Work to be completed>
Beginning with the line that contains "歌うまちふじえだコンサート 日時 2026年1月17日(土)15:..." and ending with the line that contains "Bu 75-250 MPP", reproduce the lines of the entries below exactly, omitting pictures.

Input for this task>
——————

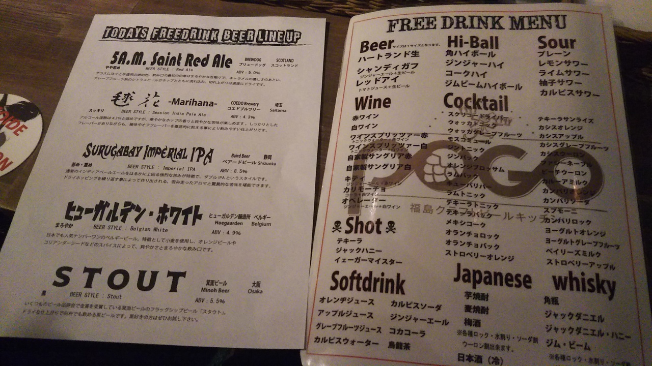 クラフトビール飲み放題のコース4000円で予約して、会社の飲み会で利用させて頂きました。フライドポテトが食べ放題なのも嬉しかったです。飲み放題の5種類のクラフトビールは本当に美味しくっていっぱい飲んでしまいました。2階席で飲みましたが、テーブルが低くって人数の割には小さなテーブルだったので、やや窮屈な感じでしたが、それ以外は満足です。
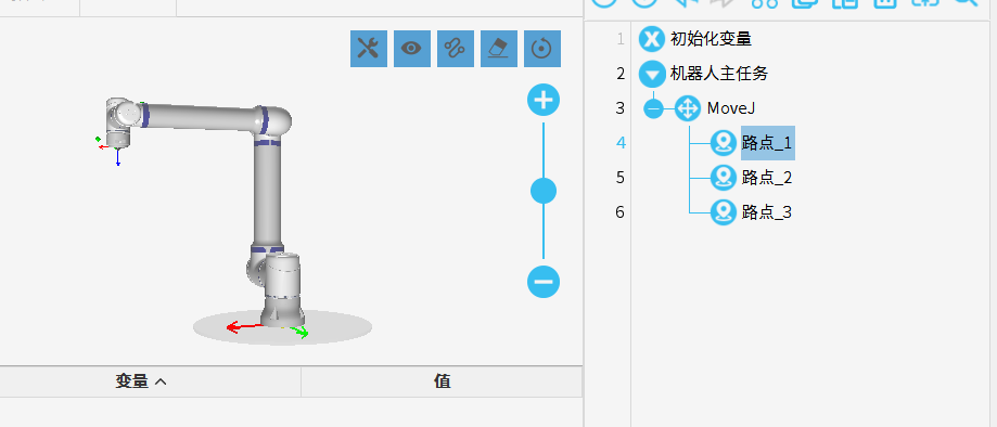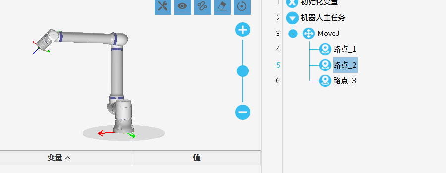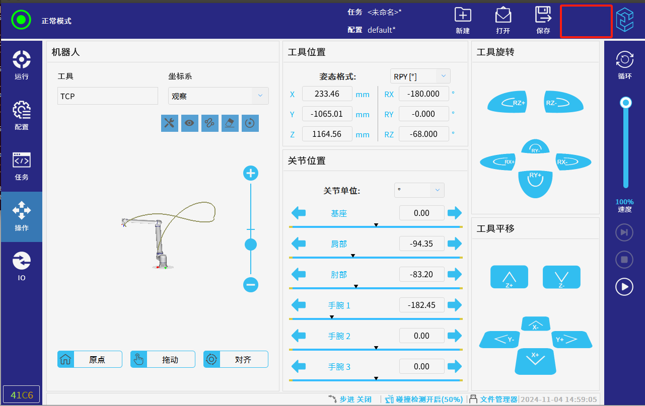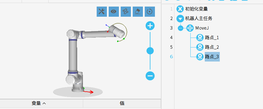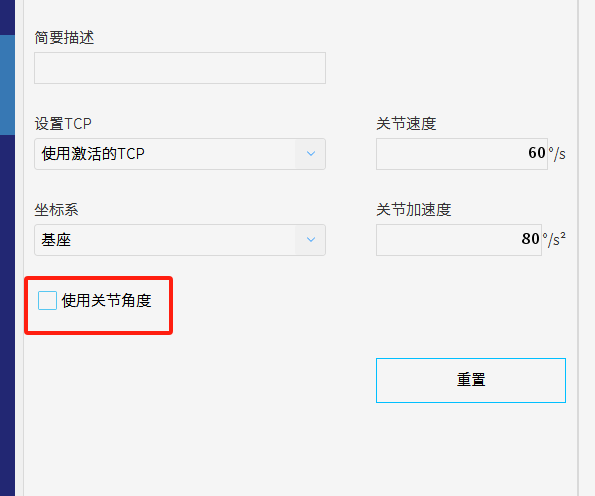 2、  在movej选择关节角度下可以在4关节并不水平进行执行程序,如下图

——————

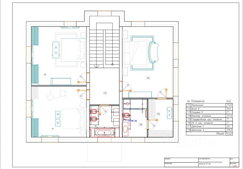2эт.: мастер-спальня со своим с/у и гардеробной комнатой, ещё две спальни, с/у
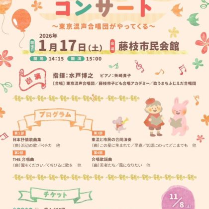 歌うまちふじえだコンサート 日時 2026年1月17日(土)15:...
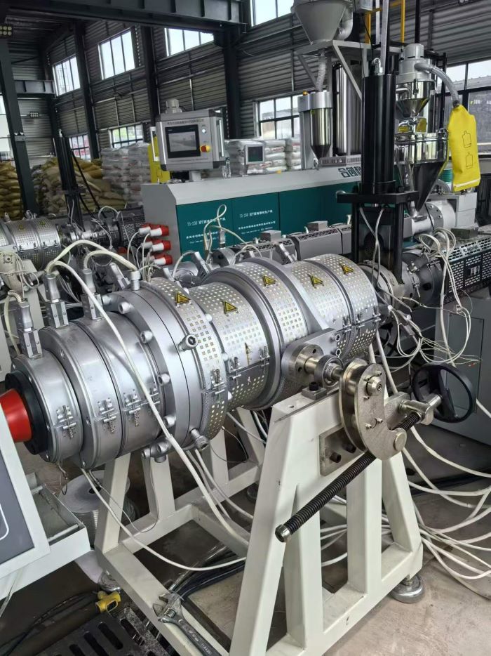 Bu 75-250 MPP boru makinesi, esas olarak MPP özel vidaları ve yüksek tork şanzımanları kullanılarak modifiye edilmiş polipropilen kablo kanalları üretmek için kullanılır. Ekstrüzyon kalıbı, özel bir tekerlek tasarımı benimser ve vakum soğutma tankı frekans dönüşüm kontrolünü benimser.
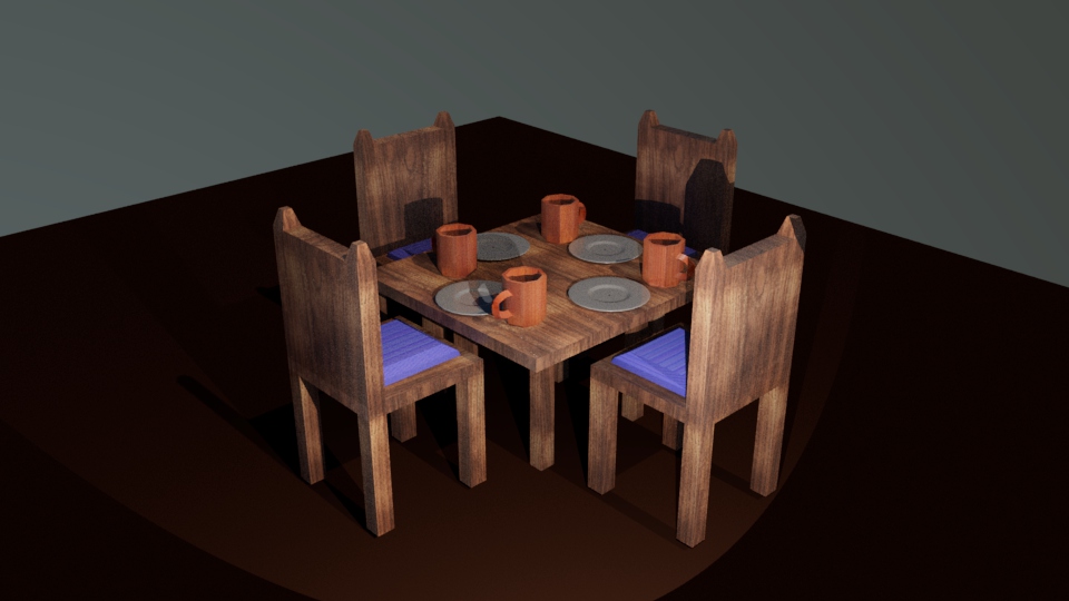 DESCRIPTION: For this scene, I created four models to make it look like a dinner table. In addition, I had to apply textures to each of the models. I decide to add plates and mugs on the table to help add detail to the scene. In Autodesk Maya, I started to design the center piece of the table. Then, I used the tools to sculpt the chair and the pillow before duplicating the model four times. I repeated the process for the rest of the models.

——————

Your response>
 歌うまちふじえだコンサート 日時 2026年1月17日(土)15:...
 Bu 75-250 MPP boru makinesi, esas olarak MPP özel vidaları ve yüksek tork şanzımanları kullanılarak modifiye edilmiş polipropilen kablo kanalları üretmek için kullanılır. Ekstrüzyon kalıbı, özel bir tekerlek tasarımı benimser ve vakum soğutma tankı frekans dönüşüm kontrolünü benimser.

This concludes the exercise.